Brett will rip through sugars but not to that level. . If it finishes below 1.016, I'd be surprised, but that'd still be fairly thin for such a big beer.

It's tabeled now, but I'm sure I'll do it eventually. Instead of spending 30 bucks on assorted Brett colonies and starters. I'd do 50 mL starters with vodka to assess different strains at 15%
 
As just mentioned brett strains can attenuate rather far but I've succeeded in keeping my brett fermented secondary stouts to higher than 1.020. I've used high mash temps, some decoctions to raise mash temps, very high amounts of roasted malts, and long boils. I don't know what technique is primarily responsible for my ability to hold the fermentation higher than 1.020 but I am not changing my methods. Research for higher terminal gravity all points to methods I use but those methods are for saccharomyces fermentations and primarily lager fermentations so I chose to use a taste of everything that can boost final gravity. Plus depending on the strains it may or may not have the ability to ferment further than the single strain brett I've been using for these big beers. Before the days of PCR and DNA classification of microbes one of the methods of differentiation for yeast was sugar metabolism. Some strains produce the enzymes capable of hydrolyzing certain kinds of sugar bonds. So if you had a pure culture it'd only attenuate until all the bonds it could break were used up. If you have a mix of cultures the amount of sugar bonds that can be broken increase which give a possibility of more attenuation than if you used a single high alcohol tolerance strain.
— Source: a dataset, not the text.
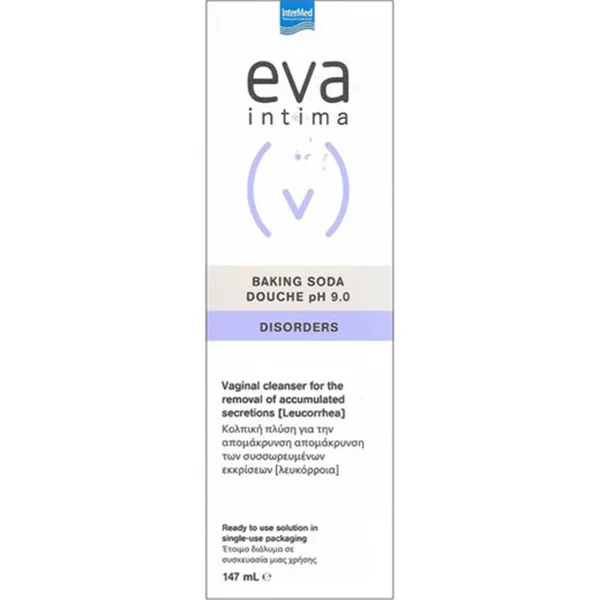 Το Eva Intima Baking Soda Douche είναι ένα ειδικά σχεδιασμένο διάλυμα για τον καθαρισμό του κόλπου και την αποτελεσματική διαλυτοποίηση και απομάκρυνση των φυσιολογικών ή παθολογικών υπερεκκρίσεων ιδίως πρωτεϊνικής φύσεως που συσσωρεύονται σε αυτόν.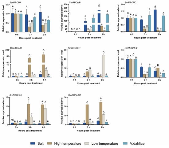 Expression patterns of SmRBOHs under salt, high-temperature, low-temperature, and V. dahliae inoculation conditions. Based on a one-way analysis of variance and Tukey’s test (p < 0.01), the error bar represents the standard deviation, and different capital letters indicate highly significant differences in relative expression levels of SmRBOHs at different treatment time points. The experiment was conducted with four replicates, and SmActin was used as the reference gene.

Edit: I'd like to add that this is one of the rare instances I'd advocate a pure strain for the brett. Normally I'm anti-pure strain but in order to have a more predictable level of secondary fermentation I'd forgo the mixed culture.
 
I'm realizing now that I either did not frame the question properly, or this thread is the wrong place to start (restart) this discussion...

I'm going to start a new thread to discuss this.